The hospitals said their problems range from growing healthcare costs to Medicaid payments that don’t always cover services provided to the poor.

And, the situation has been getting worse, said Russell Keene, the CEO at Androscoggin Valley Hospital in Berlin.

“It is just an evolution of change that seems to be coming at us more rapidly than ever in the past,” Keene said.

So, Androscoggin Valley, Weeks Memorial in Lancaster, Littleton Regional Healthcare and Upper Connecticut Valley Hospital in Colebrook signed a non-binding, letter of intent to form a non-profit parent organization. It will explore ways the hospitals can cooperate to provide good healthcare and reduce costs.

“We are regulatorily prohibited from working closely together under our current independent structures. Forming a common parent organization, governed by an independent board, would give us the ability to do this,” according to the letter of intent.

Under the agreement the hospitals would still be non-profit organizations “providing the same core programs and services that we do today,” the letter says.

It also notes “each organization’s assets, including charitable endowments, will remain in their respective community" and "each hospital’s relationships with its physicians, patient care staff and employees will remain largely the same.”

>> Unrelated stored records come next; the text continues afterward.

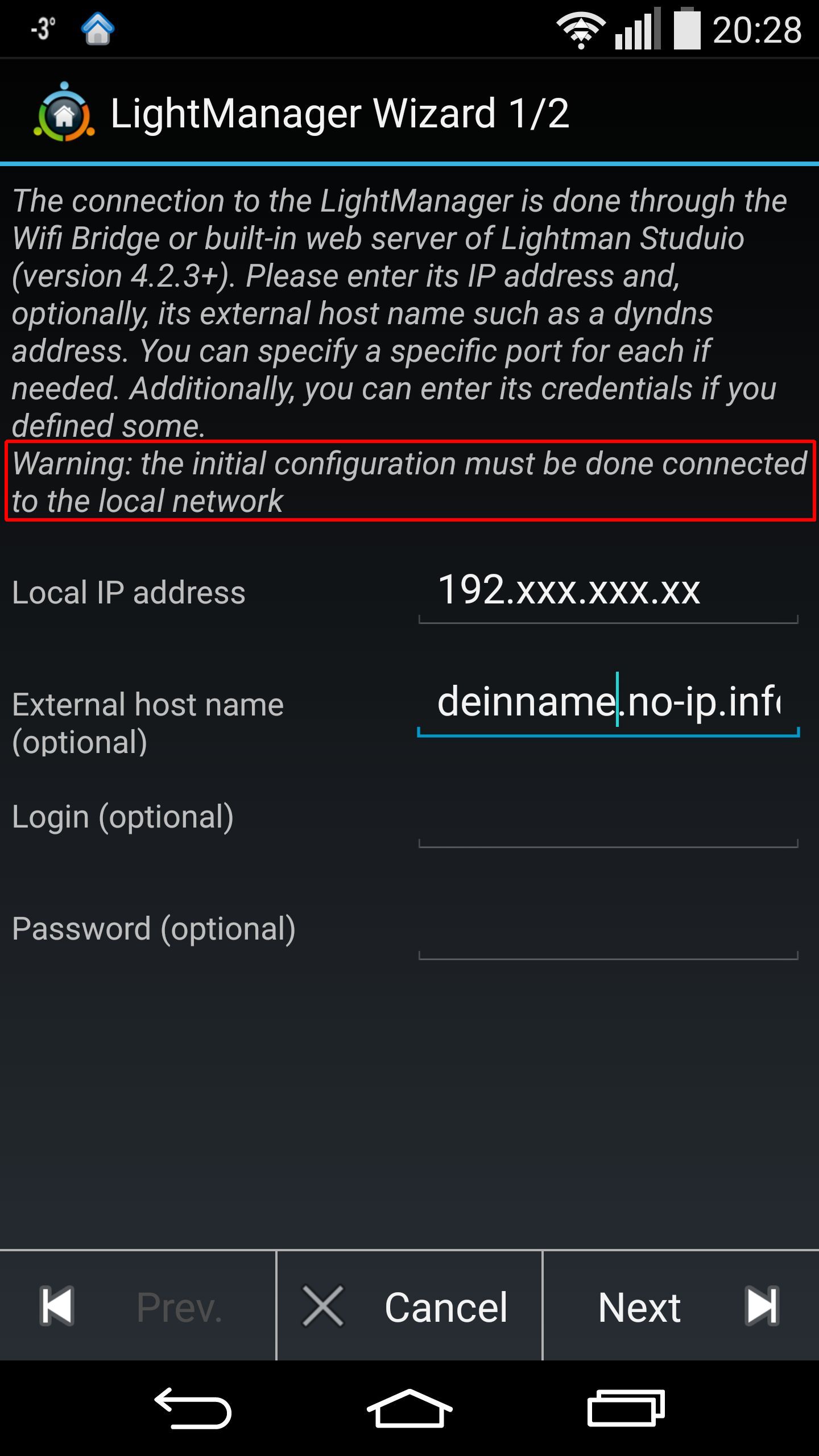 fritz.box Einstellung habe ich genauso. IP des light managers habe ich auch eingetragen. Bei external host name hatte ich: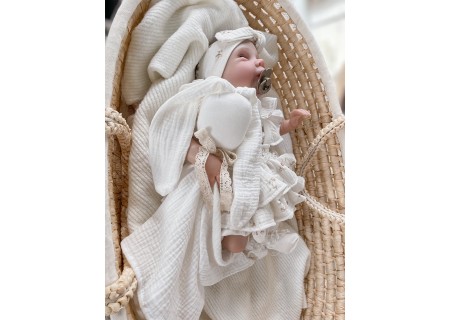 Wykonana z sto procent naturalnych tkanin -muślinu bawełnianego oraz bawełnianej koronki.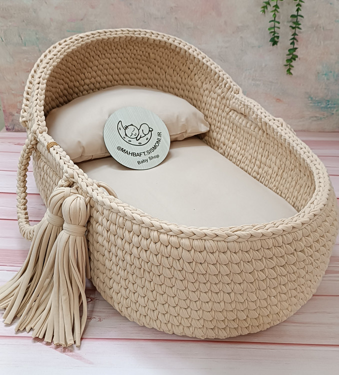 کریر تریکویی نوزاد مدل نیمه سایبان همراه با تشک و بالشت کتان نخ ترک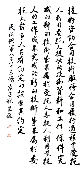 民法典第八百八十五條 技術(shù)咨詢合同、技術(shù)服務(wù)合同履行過程中,受托人利用委托人提供的技術(shù)資料和工作條件完成的新的技術(shù)成果,屬于受托人。委托人利用受托人的工作成果完成的新的技術(shù)成果,屬于委托人。當(dāng)事人另有約定的,按照其約定。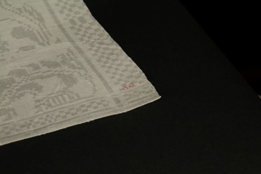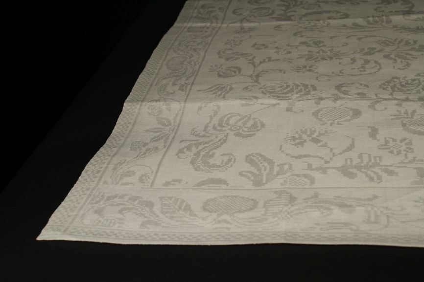 Servet van wit linnen damast met floraal spiegelend patroon, randen met tak en schakelpatroon, onderdeel van groep van tien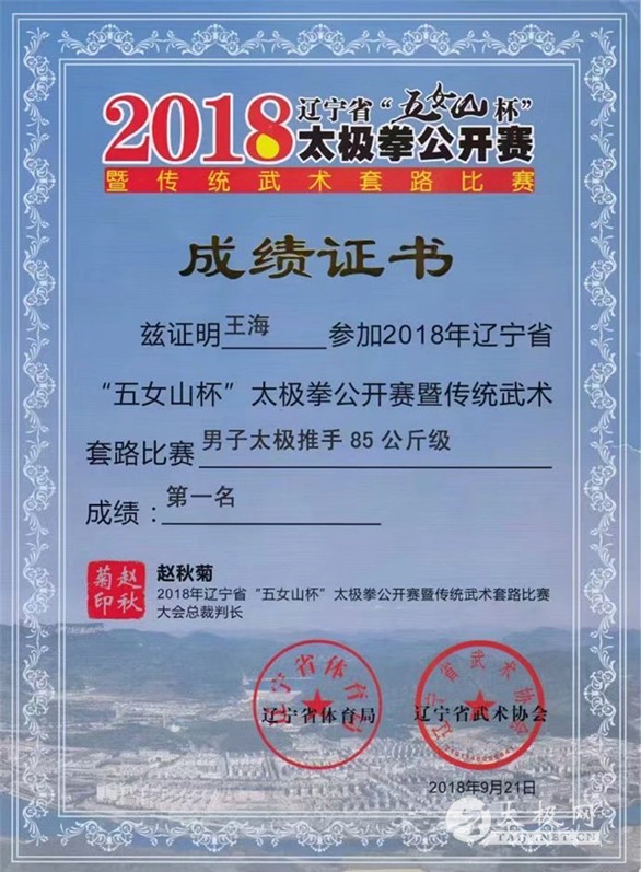 王海获奖照 (太极网报道)2018年9月21日,辽宁省“五女山杯”太极拳公开赛暨传统武术套路比赛开幕式在本溪市桓仁县民族广场举行。来自黑龙江省、吉林省、山西省及辽宁省等省份的22个地区182支队伍共2737人参加比赛。 大赛旨在弘扬中华传统养生文化,打造高层次传统文化交流平台,同时促进桓仁大健康产业与“北药”产业加快融合,推动桓仁旅游、健康、养生、休闲产业快速发展,打造“中国山水氧吧之都、国际生态健康之城”。 来自黑龙江绥化的王海(又名王三海),如今是广东惠州陈氏太极拳馆馆长,初次出道参加大赛即一鸣惊人。经过三天激烈的角逐,王海技压群雄,获得三枚个人金牌、一枚集体金牌,尤其在男子太极推手85公斤比赛中表现优异,力压对手夺冠,实力超群的表现引发赛场强烈关注。 赛场上的王海 王海获奖证书 合影留念 台上十分钟,台下十年功!近年来,王海频频征战各大武术赛场屡屡夺冠,离不开坚持不懈的付出和苦功。王海表示,这次的荣誉终于园了他的太极梦,感谢恩师张秀山多年辛苦的栽培,感谢家人和拳友的关系和帮助,自己后续仍将踏踏实实继续深耕学习,提升自身太极拳技艺,争取更加优异的成绩,为太极拳的传承和传播做出更多更好的贡献。 王海拳照 太极档案 王海,男,1967年5月12日生,绥化市人。陈氏太极拳洪传正宗传人,师承陈氏太极拳传人张秀山老师,王海尤其擅长太极推手。现任绥化市洪式太极拳研究会会长,2017年5月出任绥化市武术运动联合会副主席兼副总教练,广东省惠州市河南岸陈式太极拳馆馆长,武术五段。 王海先生自幼习武,多年来深得名师指教,学术造诣颇深。坚持多年如一日,讲学传艺,授武传道,可谓桃李满园。近些年来,王海先生游历于南北名山大川,拜师访友,传道授业,积极促进中华武术和太极文化、民族传统文化交流,为宣传绥化,扩大影响,打造“寒地黑土绥化——关东武术之乡"建设作出了积极的贡献。 2015年杭州太极拳锦标赛神功太极拳第一名,杭州太极拳锦标赛太极剑第一名; 2016年黑龙江传统武术锦标赛陈氏太极拳拳一等奖,黑龙江太极拳锦标赛武当剑一等奖; 2018年黑龙江省统武术锦标赛陈式太极拳冠军。 本站责编:张欢 |

It is an arrangement with the potential to benefit the four hospitals and the people who live in the North Country, said Warren West, the CEO of Littleton Regional Healthcare.

 “Our belief is if we can work together we will be able to better streamline those costs and be able to ensure that each of the hospitals in the North Country can be put on a better, sustainable economic path than the ones we are on today,” he said.

The hospitals expect the new umbrella organization to be operating next year.